Polyketides are a group of natural products with valuable pharmacological activities, biosynthesized by bacterial or fungal megaenzymes called polyketide synthases (PKSs). These are composed of multiple modules in an assembly line, each introducing a specific moiety of the final compound in a stepwise manner. Among them, trans-acyltransferase PKSs have evolved through the recombination of biosynthetic gene clusters. Now, Mabesoone et al. report in Science the identification, by coevolution analysis, of a common amino acid motif for hybrid PKS formation. This motif — LPTYPF(X₅)W — is found to be a boundary between the ketosynthase domain and a C-terminal region that yields functional PKSs upon trans-acyltransferase PKS recombination. The team used it as an artificial fusion site in the oocydin biosynthetic gene cluster: only LPTYPF(X₅)W-fused chimeras could produce the desired chlorinated compounds. Fusion of the motif to a range of different exchange units also enabled the biosynthesis in diverse bacterial hosts of elongated, varied substrates active against HeLa cells.
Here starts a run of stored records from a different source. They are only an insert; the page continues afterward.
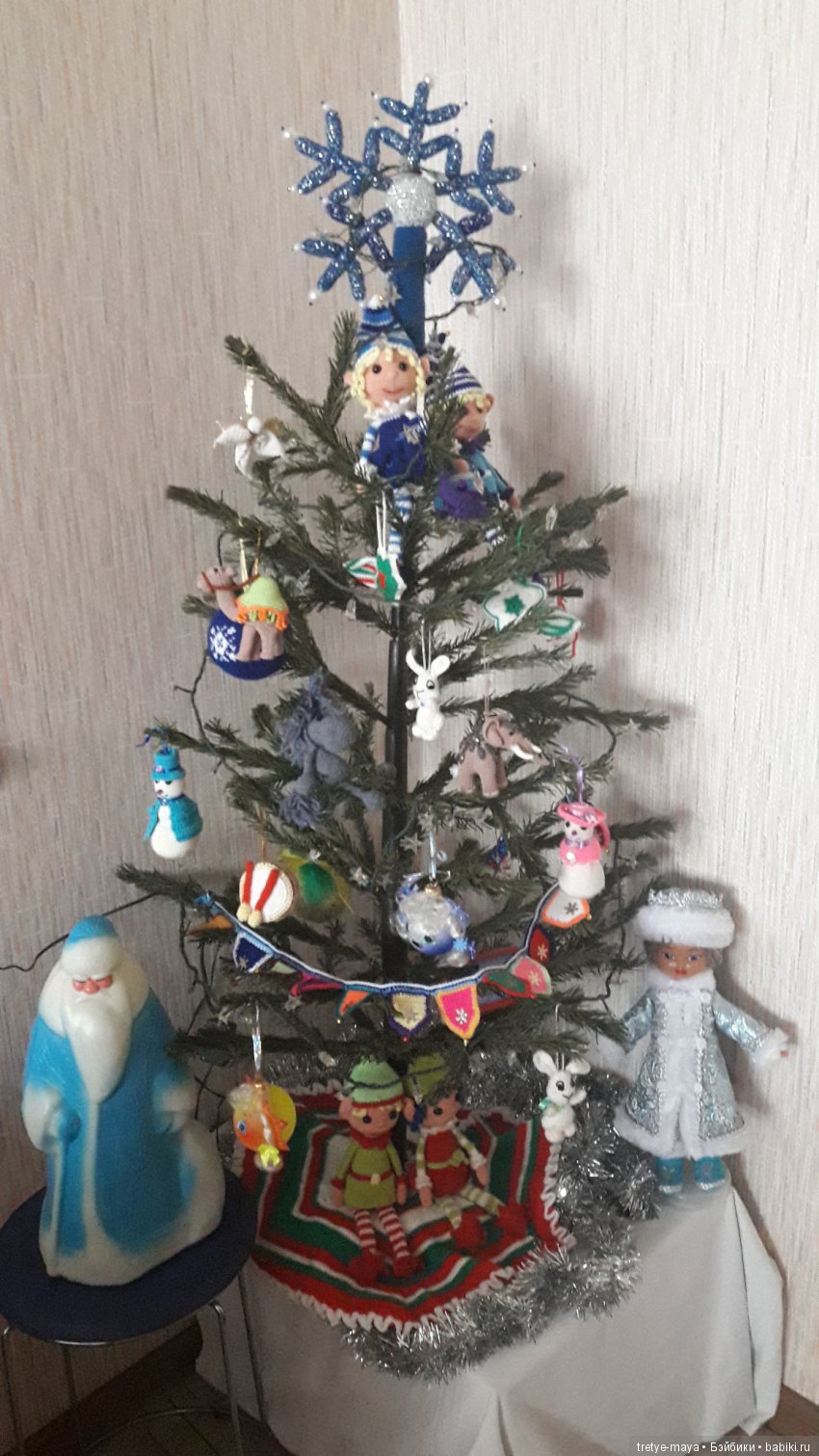 А это наша елка! Все игрушки, верхушка-снежинка и гирлянда связаны крючком.
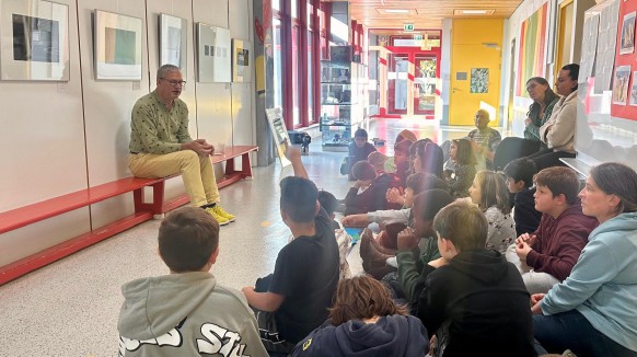 Der Künstler Jochen Gewecke bei der Vernissage im Rahmen der Ausstellung "Kommt zusammen" im Herbst 2024.
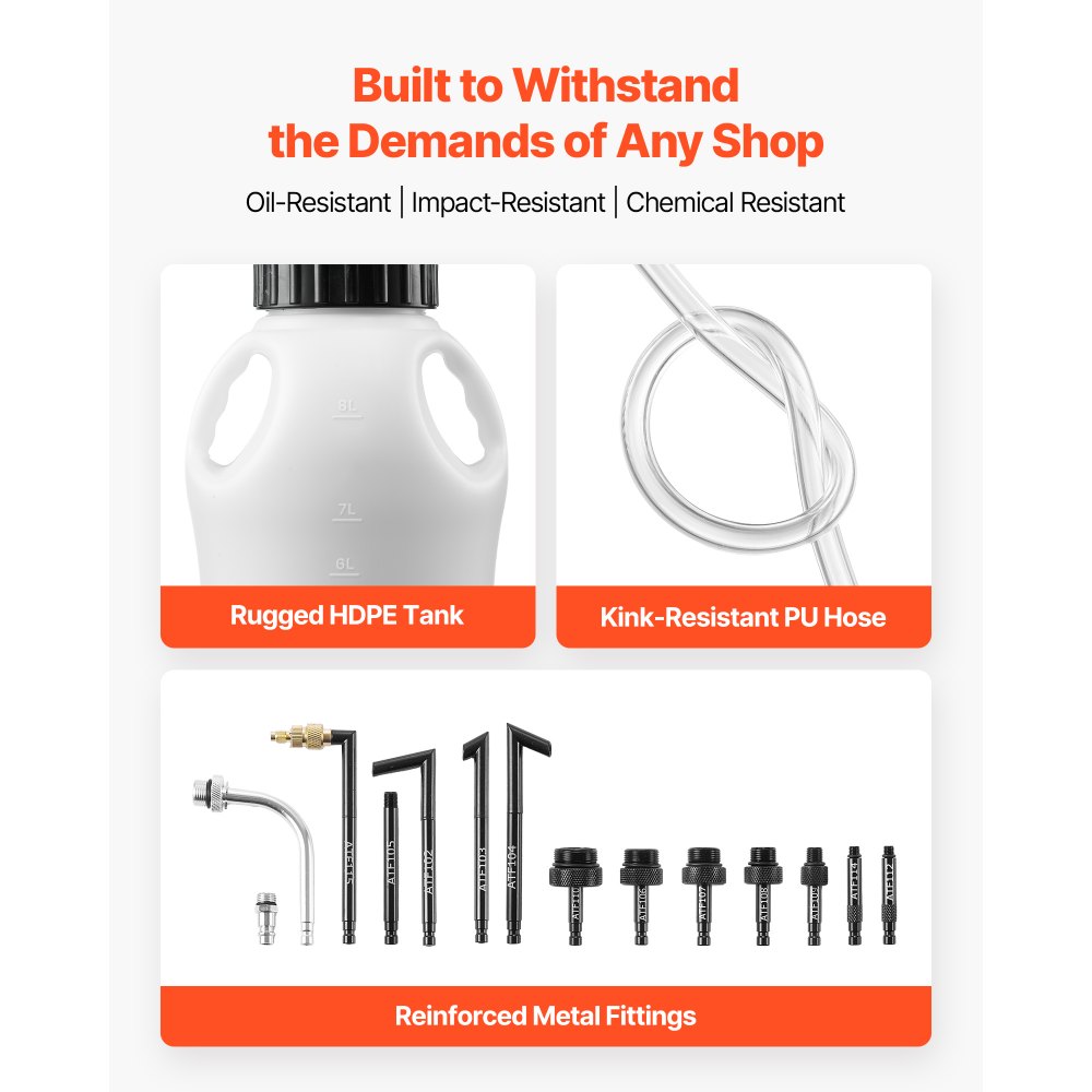 Čerpadlo převodové kapaliny VEVOR, objem 8 l, pneumatický odsávač oleje, doplňovací dávkovač ATF, přečerpávací čerpadlo s 15 adaptéry ATF, dávkovač oleje s HDPE nádrží pro automobily a lodě
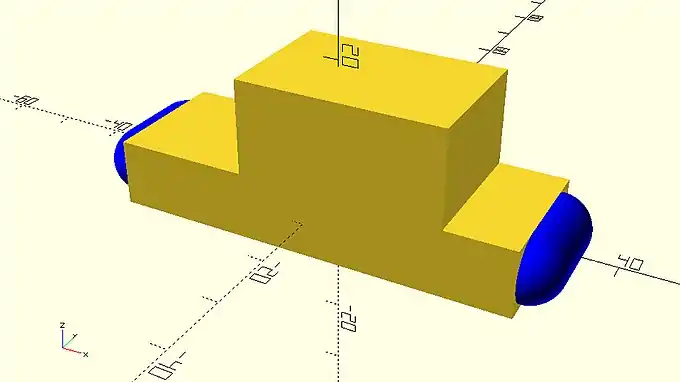 | long_car_body.scad use <vehicle_parts.scad> $fa=1; $fs=0.4; base_length = 80; top_length = 50; top_offset = 10; body(base_length=base_length, top_length=top_length, top_offset=top_offset); |
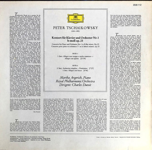 Alle gegevens bekijkenTschaikowsky* – Martha Argerich · Charles Dutoit, Royal Philharmonic Orchestra -Klavierkonzert Nr. 1 B-Moll = Piano Concerto No. 1 In B Flat Minor
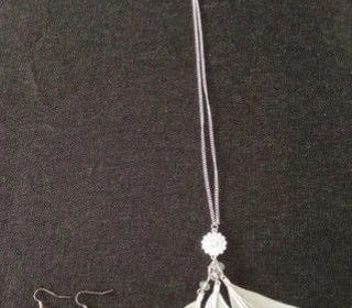 Collier en Métal Argenté avec ses 4 "brindilles"- Neuf * Collier en métal argenté avec ses perles en plastique noir, ses 4 "brindilles" mobiles et son mousqueton- longueur= 2

On a similar topic, Bozhüyük et al., also in Science, report the use of computational modelling and principal component analyses to understand the intragenomic recombination of nonribosomal peptide synthetases (NRPSs). They identified regions that do not share consistent phylogenetic histories as synthetic breakpoints for engineering NRPSs with high success rates. NRPSs are molecular assembly lines composed of several repeating modules of catalytic domains that biosynthesize complex peptides independently of ribosomes. The team’s approach, termed ‘exchange unit between T domains’ (XUT), allowed the identification of the conserved FFXXGGXS amino acid motif as a recombination site in the thiolation domain. Its application enabled the obtainment of recombinant NRPSs that produced biologically active peptides against the eukaryotic proteasome.

聚酮化合物是一组具有有价值的药理活性的天然产物，由称为聚酮化合物合酶（PKS）的细菌或真菌大酶生物合成。这些由装配线上的多个模块组成，每个模块以逐步的方式引入最终化合物的特定部分。其中，反式酰基转移酶PKS是通过生物合成基因簇的重组而进化而来的。现在，Mabesoone 等人。在《科学》杂志上报告了通过共同进化分析鉴定出杂种 PKS 形成的常见氨基酸基序。该基序——LPTYPF(X ₅ )W——被发现是酮合酶结构域和C末端区域之间的边界，该区域在反式酰基转移酶PKS重组时产生功能性PKS。研究小组将其用作卵胞素生物合成基因簇中的人工融合位点：只有LPTYPF(X ₅ )W融合嵌合体才能产生所需的氯化化合物。该基序与一系列不同交换单元的融合还使得能够在不同的细菌宿主中生物合成对HeLa细胞具有活性的细长的、不同的底物。

关于类似的主题，Bozhüyük 等人也在《科学》杂志上报道了使用计算模型和主成分分析来了解非核糖体肽合成酶 (NRPS) 的基因组内重组。他们确定了不具有一致系统发育历史的区域作为合成断点，以高成功率改造 NRPS。 NRPS 是由多个催化结构域重复模块组成的分子装配线，可独立于核糖体生物合成复杂的肽。该团队的方法被称为“T 结构域之间的交换单元”(XUT)，允许将保守的 FFXXGGXS 氨基酸基序鉴定为硫醇化结构域中的重组位点。它的应用使得获得重组 NRPS 能够产生针对真核蛋白酶体的生物活性肽。